La Russie et le Qatar pourraient-ils perdre l’organisation de la Coupe du monde dans les semaines à venir ? Lundi, l’enquête sur les soupçons de corruption autour de l’attribution de ces deux Coupes du monde prendra fin.

C’est lundi 9 juin que Michael J. Garcia, ancien procureur fédéral de New York et président de la chambre d’investigation du comité d’éthique de la FIFA, mettra fin à son enquête sur l’attribution des Coupes du monde 2018 et 2022. Garcia se donnera ensuite 6 semaines pour rédiger son rapport et le remettre à l’instance de jugement de l’instance dirigeante du football mondial. Cette dernière aura enfin tout le temps qui lui semblera nécessaire pour étudier le dit rapport et prendre les sanctions adaptées. Dans les faits, elle pourra soit ouvrir des procédures disciplinaires, soit prendre des sanctions immédiates, soit prononcer des non-lieux.
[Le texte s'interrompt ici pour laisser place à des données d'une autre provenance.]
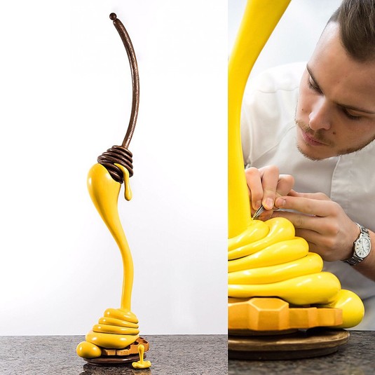 Французского кондитера Амори Гишона за мастерское умение превращать груду шоколада в чрезвычайно реалистичные скульптуры прозвали шоколадным архитектором. Из шоколадной массы он способен создать что угодно: от покрытого цветом дерева до габаритных часов с маятником.

Si le Qatar a fait beaucoup parler, la Russie est aussi dans le viseur. En effet, le choix de la FIFA de désigner les pays hôtes pour 2018 et 2022 le même jour a pu donner lieu à des petits arrangements dans les votes. Le président de la FIFA Sepp Blatter a lui-même admis à plusieurs reprises que cela avait été une erreur de donner les pays hôtes le même jour.
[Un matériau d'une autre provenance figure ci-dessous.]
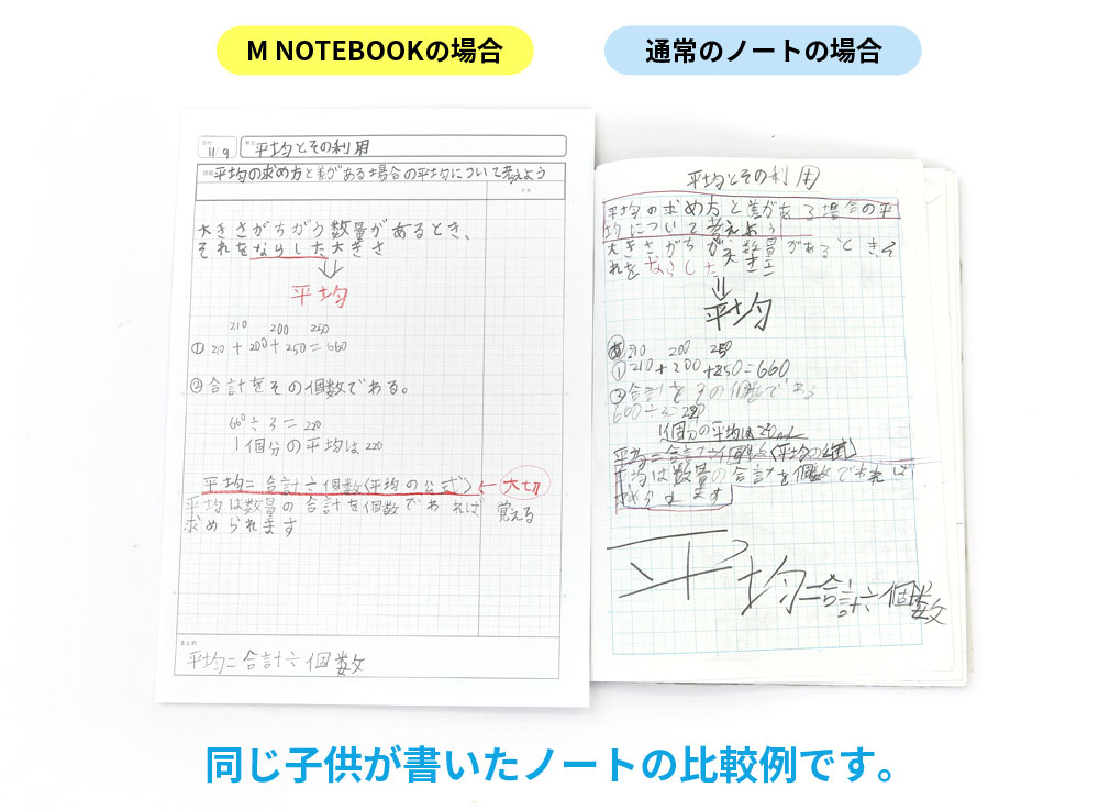 一生懸命に授業内容をノートに書き込んでいるけれど、その日に習う単元や課題、授業内容を書くスペースがうまくとれず、ノートがスッキリ見えないと感じている子供たちや親御様の気持ちにお答えし、どこに書けばいいのかを分かりやすく、さらに、まとめやすい学習ノート「M NOTEBOOK A4」を発売しました。

Désormais, la question est de savoir s’il y aura un nouveau vote concernant ces deux Coupes du monde. Si retirer le Mondial 2018 à la FIFA poserait quelques problèmes logistiques, le Mondial 2022 est assez éloigné pour permettre à un pays de se doter des infrastructures nécessaires. L’Australie, candidat malheureux lors du vote, se tiendrait dans les startingblocks. Il faut désormais laisser la procédure suivre son cours…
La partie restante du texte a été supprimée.